I need every line from the start of the material below up to and including the line containing "The table provides", restated exactly, with the pictures omitted.

Start of Provided information

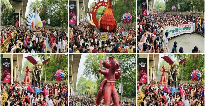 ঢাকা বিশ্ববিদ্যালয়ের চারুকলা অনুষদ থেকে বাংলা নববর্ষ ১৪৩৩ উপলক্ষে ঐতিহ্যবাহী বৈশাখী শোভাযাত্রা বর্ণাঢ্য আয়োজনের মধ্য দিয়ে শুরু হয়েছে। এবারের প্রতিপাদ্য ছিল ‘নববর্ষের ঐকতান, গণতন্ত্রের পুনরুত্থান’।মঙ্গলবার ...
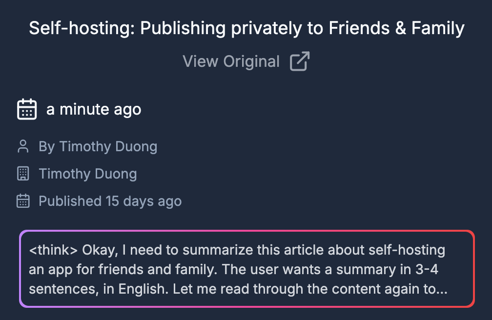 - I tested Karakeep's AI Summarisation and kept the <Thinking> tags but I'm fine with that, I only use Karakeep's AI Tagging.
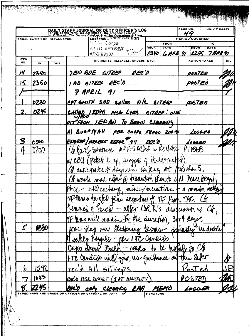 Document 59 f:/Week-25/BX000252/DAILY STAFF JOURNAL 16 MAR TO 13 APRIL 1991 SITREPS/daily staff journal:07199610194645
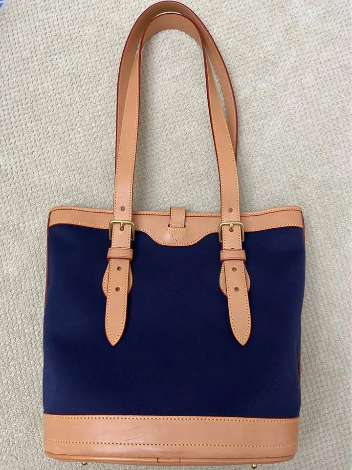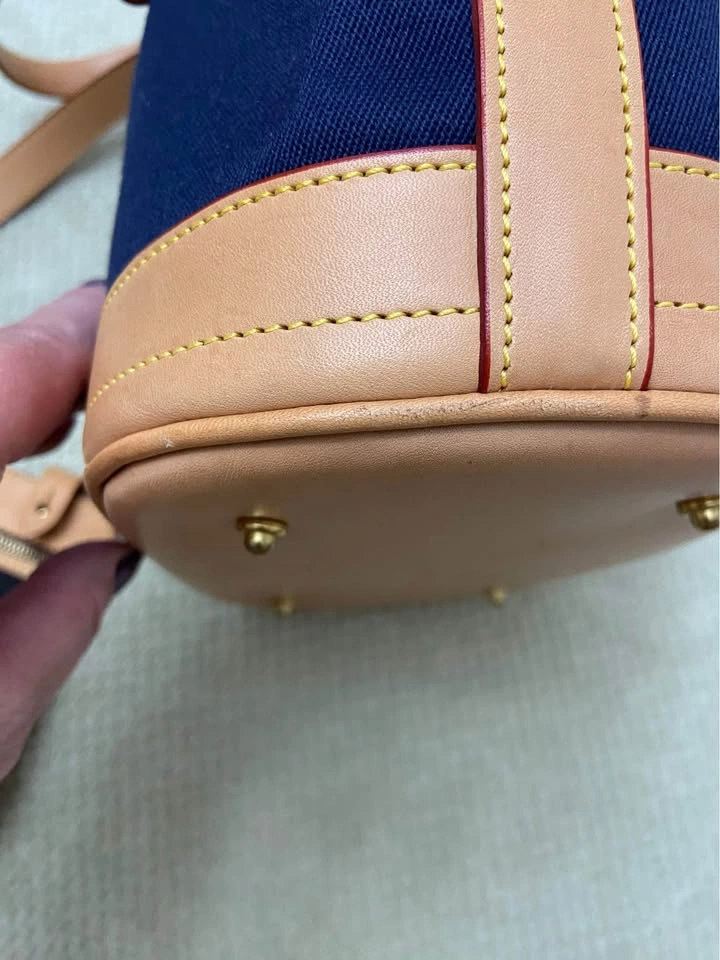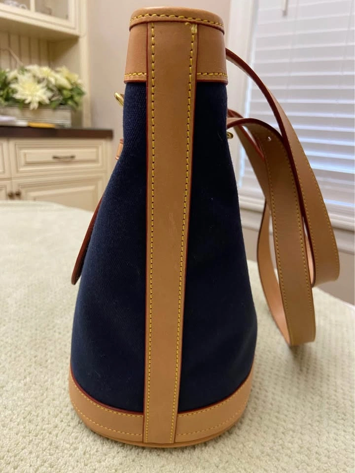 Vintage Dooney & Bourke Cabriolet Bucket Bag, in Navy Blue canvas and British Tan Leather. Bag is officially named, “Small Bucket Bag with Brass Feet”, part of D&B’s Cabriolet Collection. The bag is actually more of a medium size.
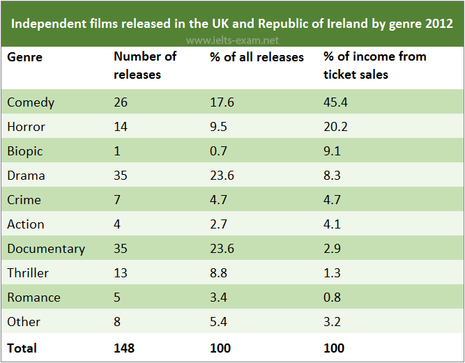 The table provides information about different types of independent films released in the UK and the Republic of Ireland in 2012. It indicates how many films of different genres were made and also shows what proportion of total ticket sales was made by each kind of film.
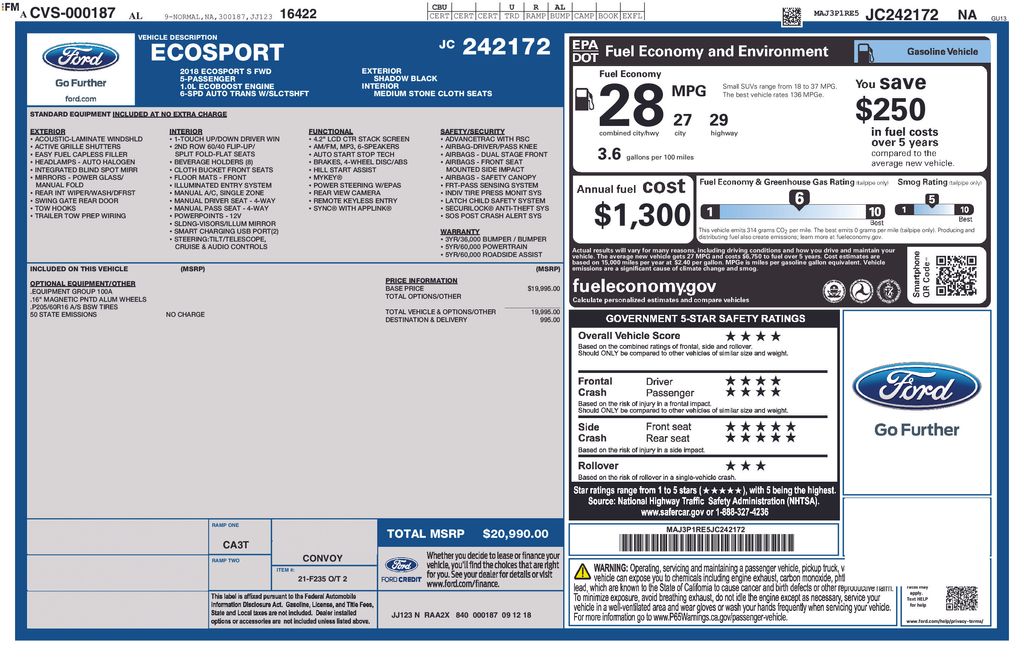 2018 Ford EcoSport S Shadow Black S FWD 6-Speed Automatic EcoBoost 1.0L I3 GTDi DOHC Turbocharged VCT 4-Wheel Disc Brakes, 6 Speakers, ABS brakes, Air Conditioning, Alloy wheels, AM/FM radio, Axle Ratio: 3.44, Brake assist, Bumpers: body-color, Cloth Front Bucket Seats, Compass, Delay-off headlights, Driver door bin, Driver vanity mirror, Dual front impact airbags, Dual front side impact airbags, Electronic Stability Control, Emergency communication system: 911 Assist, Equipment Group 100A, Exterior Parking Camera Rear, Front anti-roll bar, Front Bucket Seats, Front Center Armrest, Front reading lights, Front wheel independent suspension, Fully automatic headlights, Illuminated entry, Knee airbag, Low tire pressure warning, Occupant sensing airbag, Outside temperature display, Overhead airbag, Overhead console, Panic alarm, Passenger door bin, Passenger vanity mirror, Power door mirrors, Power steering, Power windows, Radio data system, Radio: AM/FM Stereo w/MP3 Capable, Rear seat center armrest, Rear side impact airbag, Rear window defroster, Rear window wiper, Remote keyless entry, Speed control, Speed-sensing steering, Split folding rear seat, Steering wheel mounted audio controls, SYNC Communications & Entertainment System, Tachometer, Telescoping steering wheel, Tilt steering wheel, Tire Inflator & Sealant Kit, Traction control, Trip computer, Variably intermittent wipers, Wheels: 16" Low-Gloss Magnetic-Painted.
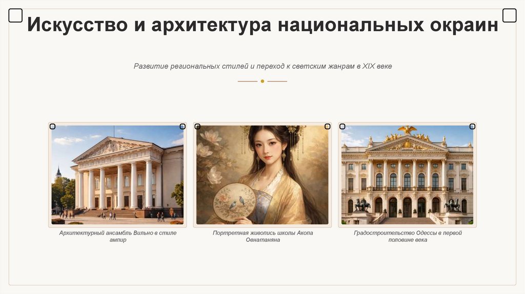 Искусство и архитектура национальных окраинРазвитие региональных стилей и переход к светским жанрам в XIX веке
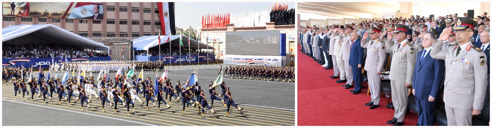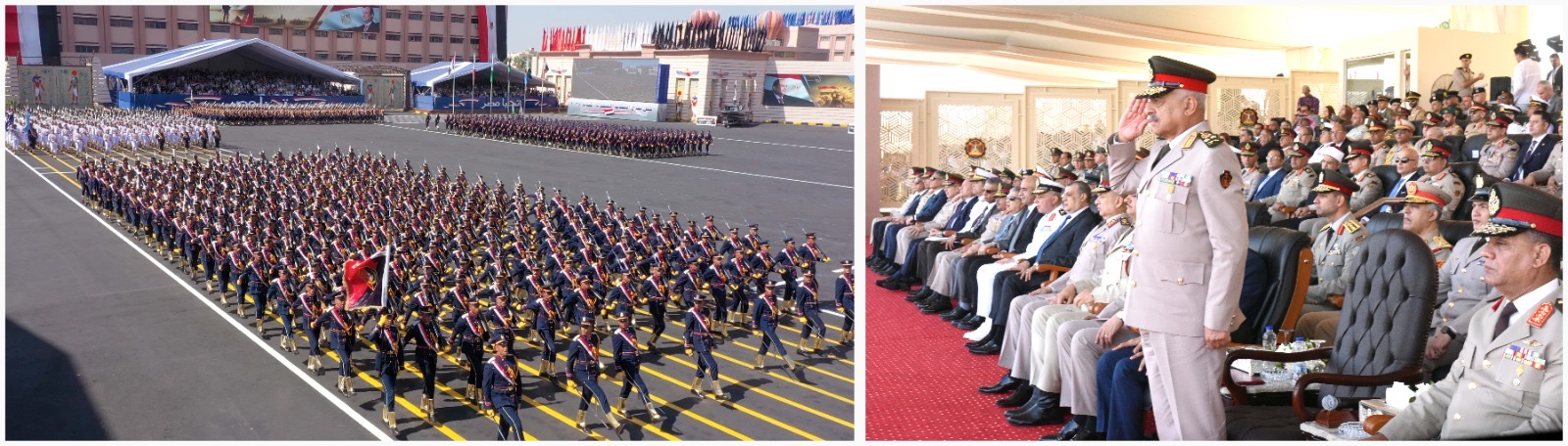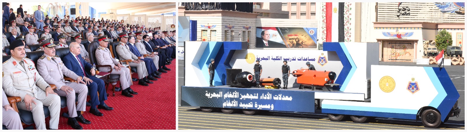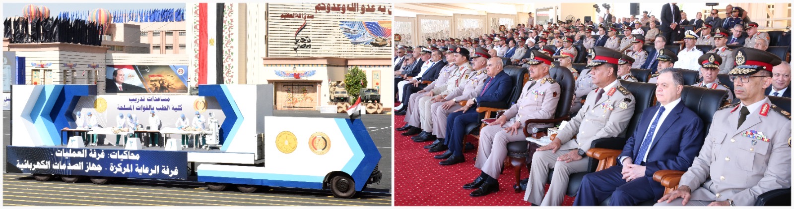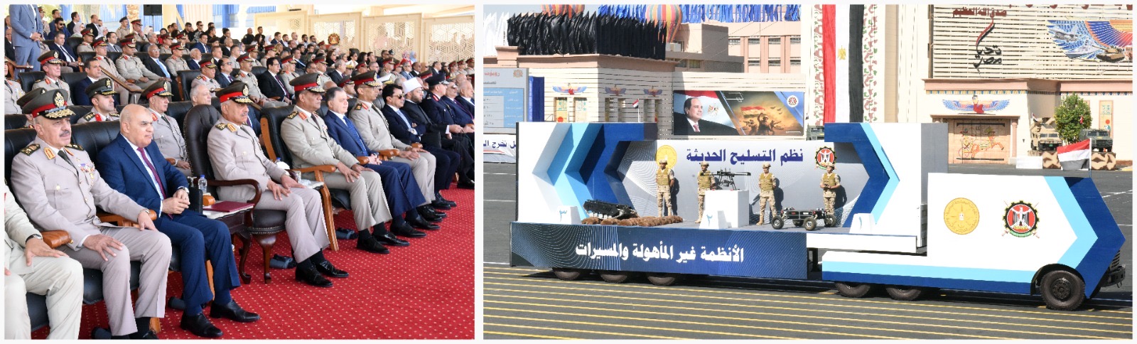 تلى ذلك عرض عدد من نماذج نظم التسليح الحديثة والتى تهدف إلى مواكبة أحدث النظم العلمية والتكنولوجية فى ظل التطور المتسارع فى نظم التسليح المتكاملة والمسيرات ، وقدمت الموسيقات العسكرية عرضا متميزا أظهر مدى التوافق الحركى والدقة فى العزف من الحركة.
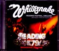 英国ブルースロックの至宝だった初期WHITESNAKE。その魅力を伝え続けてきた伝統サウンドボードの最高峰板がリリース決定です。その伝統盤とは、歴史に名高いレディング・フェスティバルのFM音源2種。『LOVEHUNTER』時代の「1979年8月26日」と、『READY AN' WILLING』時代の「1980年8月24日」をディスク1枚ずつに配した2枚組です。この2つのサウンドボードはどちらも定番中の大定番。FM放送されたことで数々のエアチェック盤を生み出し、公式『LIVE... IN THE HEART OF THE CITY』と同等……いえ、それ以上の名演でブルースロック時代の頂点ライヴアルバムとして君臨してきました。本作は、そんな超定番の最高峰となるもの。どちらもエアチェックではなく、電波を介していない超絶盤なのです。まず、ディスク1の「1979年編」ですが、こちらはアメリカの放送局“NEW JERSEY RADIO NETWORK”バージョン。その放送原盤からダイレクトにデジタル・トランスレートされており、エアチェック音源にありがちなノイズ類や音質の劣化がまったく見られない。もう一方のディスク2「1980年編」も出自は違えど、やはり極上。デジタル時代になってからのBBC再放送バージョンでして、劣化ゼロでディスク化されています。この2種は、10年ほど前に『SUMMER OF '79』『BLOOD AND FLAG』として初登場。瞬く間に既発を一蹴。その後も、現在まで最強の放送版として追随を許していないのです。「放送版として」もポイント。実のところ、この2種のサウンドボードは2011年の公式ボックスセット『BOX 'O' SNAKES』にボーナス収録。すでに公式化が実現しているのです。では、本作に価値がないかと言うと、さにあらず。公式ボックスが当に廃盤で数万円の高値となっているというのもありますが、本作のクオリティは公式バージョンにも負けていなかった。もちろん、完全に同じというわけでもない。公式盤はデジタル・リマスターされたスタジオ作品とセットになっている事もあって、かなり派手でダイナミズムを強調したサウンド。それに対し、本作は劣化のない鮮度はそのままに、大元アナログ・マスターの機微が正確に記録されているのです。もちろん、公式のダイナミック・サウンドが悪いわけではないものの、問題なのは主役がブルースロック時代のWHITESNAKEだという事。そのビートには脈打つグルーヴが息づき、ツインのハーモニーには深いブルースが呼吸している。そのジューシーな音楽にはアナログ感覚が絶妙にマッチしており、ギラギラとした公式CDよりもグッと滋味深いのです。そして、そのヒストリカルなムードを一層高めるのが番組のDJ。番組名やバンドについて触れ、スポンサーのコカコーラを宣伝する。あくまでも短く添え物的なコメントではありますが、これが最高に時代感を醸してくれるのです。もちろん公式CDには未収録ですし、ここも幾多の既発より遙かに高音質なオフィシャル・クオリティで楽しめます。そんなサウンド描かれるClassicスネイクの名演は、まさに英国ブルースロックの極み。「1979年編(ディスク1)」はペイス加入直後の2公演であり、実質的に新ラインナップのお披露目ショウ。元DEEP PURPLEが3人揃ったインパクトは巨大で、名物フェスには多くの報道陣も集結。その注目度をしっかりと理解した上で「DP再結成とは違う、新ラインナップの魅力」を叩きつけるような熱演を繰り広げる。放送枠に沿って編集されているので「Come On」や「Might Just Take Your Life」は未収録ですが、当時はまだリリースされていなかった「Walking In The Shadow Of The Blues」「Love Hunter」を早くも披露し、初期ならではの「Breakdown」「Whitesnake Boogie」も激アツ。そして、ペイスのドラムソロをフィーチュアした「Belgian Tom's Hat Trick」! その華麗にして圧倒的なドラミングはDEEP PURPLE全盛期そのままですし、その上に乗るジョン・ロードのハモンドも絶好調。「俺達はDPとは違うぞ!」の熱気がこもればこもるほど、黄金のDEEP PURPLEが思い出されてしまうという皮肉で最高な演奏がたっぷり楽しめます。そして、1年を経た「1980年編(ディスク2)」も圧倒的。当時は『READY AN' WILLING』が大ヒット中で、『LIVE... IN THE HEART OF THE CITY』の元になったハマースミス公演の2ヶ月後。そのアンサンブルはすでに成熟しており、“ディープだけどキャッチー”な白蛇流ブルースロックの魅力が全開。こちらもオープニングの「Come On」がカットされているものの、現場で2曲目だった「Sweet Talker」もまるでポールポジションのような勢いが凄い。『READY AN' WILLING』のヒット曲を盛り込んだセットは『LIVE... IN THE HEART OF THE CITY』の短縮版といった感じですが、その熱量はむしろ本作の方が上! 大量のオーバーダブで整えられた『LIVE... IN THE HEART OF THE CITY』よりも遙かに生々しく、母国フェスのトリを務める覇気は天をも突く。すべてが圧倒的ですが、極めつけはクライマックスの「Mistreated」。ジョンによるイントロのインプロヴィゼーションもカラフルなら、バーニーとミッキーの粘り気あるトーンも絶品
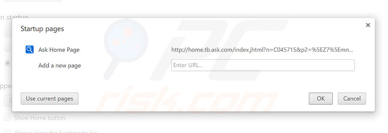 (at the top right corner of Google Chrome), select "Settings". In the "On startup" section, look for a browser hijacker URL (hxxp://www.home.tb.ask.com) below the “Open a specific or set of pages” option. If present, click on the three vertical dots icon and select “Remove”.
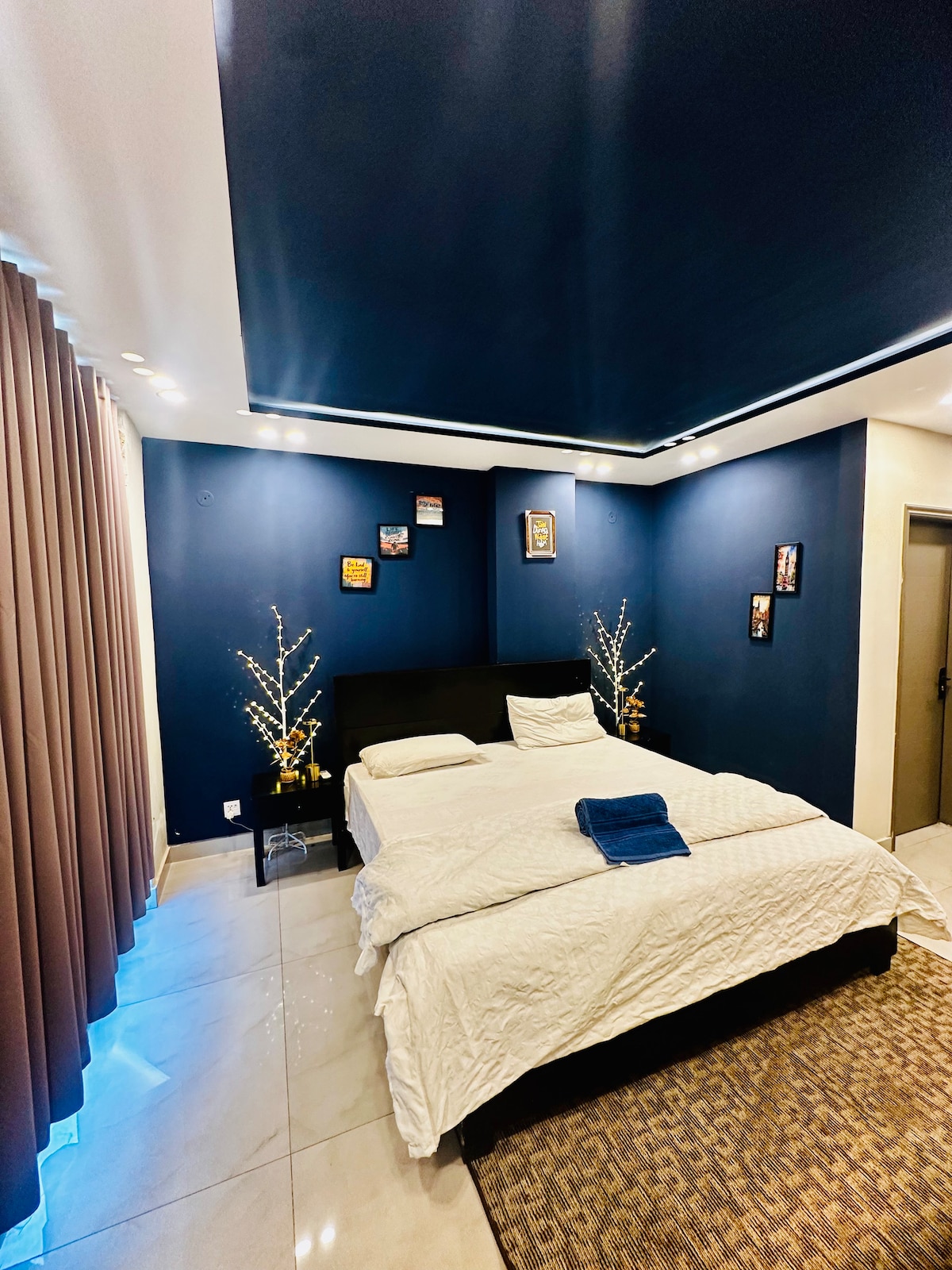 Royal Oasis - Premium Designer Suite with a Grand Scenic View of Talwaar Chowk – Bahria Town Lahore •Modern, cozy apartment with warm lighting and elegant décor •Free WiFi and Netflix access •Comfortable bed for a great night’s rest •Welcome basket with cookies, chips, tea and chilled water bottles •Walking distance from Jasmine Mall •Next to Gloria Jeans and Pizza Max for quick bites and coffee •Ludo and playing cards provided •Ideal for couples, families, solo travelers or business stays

End of Provided information

• [Finished task]
 ঢাকা বিশ্ববিদ্যালয়ের চারুকলা অনুষদ থেকে বাংলা নববর্ষ ১৪৩৩ উপলক্ষে ঐতিহ্যবাহী বৈশাখী শোভাযাত্রা বর্ণাঢ্য আয়োজনের মধ্য দিয়ে শুরু হয়েছে। এবারের প্রতিপাদ্য ছিল ‘নববর্ষের ঐকতান, গণতন্ত্রের পুনরুত্থান’।মঙ্গলবার ...
 - I tested Karakeep's AI Summarisation and kept the <Thinking> tags but I'm fine with that, I only use Karakeep's AI Tagging.
 Document 59 f:/Week-25/BX000252/DAILY STAFF JOURNAL 16 MAR TO 13 APRIL 1991 SITREPS/daily staff journal:07199610194645
 Vintage Dooney & Bourke Cabriolet Bucket Bag, in Navy Blue canvas and British Tan Leather. Bag is officially named, “Small Bucket Bag with Brass Feet”, part of D&B’s Cabriolet Collection. The bag is actually more of a medium size.
 The table provides information about different types of independent films released in the UK and the Republic of Ireland in 2012. It indicates how many films of different genres were made and also shows what proportion of total ticket sales was made by each kind of film.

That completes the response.